Nickel tetrafluoride
- Names: IUPAC name Nickel(IV) fluoride

Identifiers
- CAS Number: 60765-13-1;
- 3D model (JSmol): Interactive image;
- ChEBI: CHEBI:30392;
- Gmelin Reference: 1565370

Properties
- Chemical formula: NiF_{4}
- Molar mass: 134.6870 g·mol^{−1}
- Appearance: tan solid

Related compounds
- Related compounds: Cobalt tetrafluoride; Iron tetrafluoride;

= Nickel tetrafluoride =

Nickel tetrafluoride is an inorganic compound with a chemical formula NiF4.

==Synthesis==
Nickel tetrafluoride is claimed to result from the reaction of [XeF5]2[NiF6] (pentafluoroxenonium(IV) hexafluoronickelate(IV)) with AsF5 and K2[NiF6] with BF3.

==Chemical properties==
Nickel tetrafluoride is an extremely strong oxidizer.
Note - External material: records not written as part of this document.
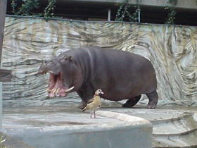 【その1】 【その2】 【その3】 【その4】 今日はずいぶん人が多いでんなーー。 動物園も久しぶりだったので、なんだか小学生に戻った感じだった。 ![]() キリン。ちなみにキリンは鳴くそうですなぁーー。 是非とも鳴いたところを見てみたい。 ![]() サイ。なんかアンタのまわりくサイよ〜。(アハハハ) 少しは清潔にしないとだサイよ〜。(アハハハ……親父ギャグっていうんですね) ![]() カバ〜!カバカバカバカバカ……バカバカバカ・・バカ? と、いうよりもカバの前に写っている鳥は一体なんなのだーー!? ![]() アルマジロ。コイツもすばしっこくて写真を撮るのに苦労した! でも本当にまるまるらしいねー。ダンゴムシの仲間…? ![]() ここから先は夜行性動物を紹介していた。 残念ながら暗すぎて写真は写らない。そしてフラッシュ撮影は禁止。 なので写真はないのねーん。すみません。 この看板を見たとたんお父さんが「オマエの仲間がいるんだな」と言った。 ………はい。今度から早く寝ます。 ![]() フラミンゴ!ツルと似ているけど、そこんとこどうなの?ツルさんよ。 でも僕的にツルの方が美しく見えるんだけれど…。 久しぶりの動物園!すっごく良かった。来て良かった。 今度は水族館に連れてってーー♪(親:勉強もしなさい!) 【その1】 【その2】 【その3】 【その4】 |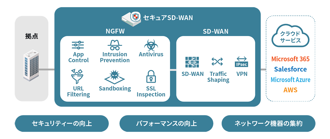 インターネットブレイクアウトを導入する場合、直接インターネットとつながる環境となるためセキュリティ対策が不可欠です。 FortiGateはUTM機能を搭載しているため、インターネットブレイクアウトで直接インターネットに接続しつつ、セキュリティの向上も期待できます。また、SPUと呼ばれる独自開発の専用プロセッサー(ASIC)によりトラフィックの高速処理を実現するため、パフォーマンスの向上も期待できます。FW/UTM/負荷分散といったさまざまな機能をFortiGate 1台に集約することができるため、複数のネットワーク機器が不要となりコストの削減にもつながります。
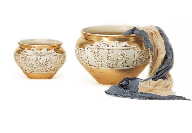 COPPIA CACHEPOT VASI PICCOLO GRANDE PUTTI ANGELI IN RILIEVO CERAMICA FOGLIA ORO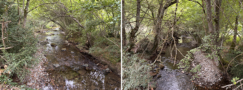 Regata y puente: Se cruza la regata por un puente → senda bordeando campos → nuevas piedras de cañada.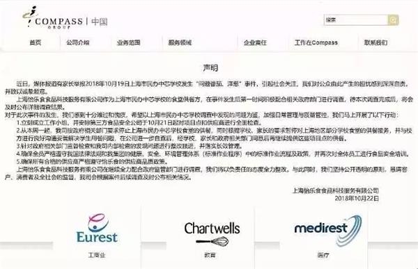 10月22日,康帕斯中国的官网上发布一份上海怡乐食食品科技服务有限公司署名的声明:近日,媒体报道有家长举报2018年10月19日上海市民办中芯学校发生“问题番茄、洋葱”事件,引起社会关注,我们对公众由此产生的担忧深感自责,并致以诚挚歉意。

The oxidizing properties are enhanced in presence of Lewis acids in anhydrous HF. In terms of oxidizing power, it is comparable to krypton difluoride. It can oxidize bromine pentafluoride BrF5 to hexafluorobromonium(VII) cation [BrF6]+, potassium hexafluoroplatinate(V) K[PtF6] to platinum(VI) fluoride PtF6.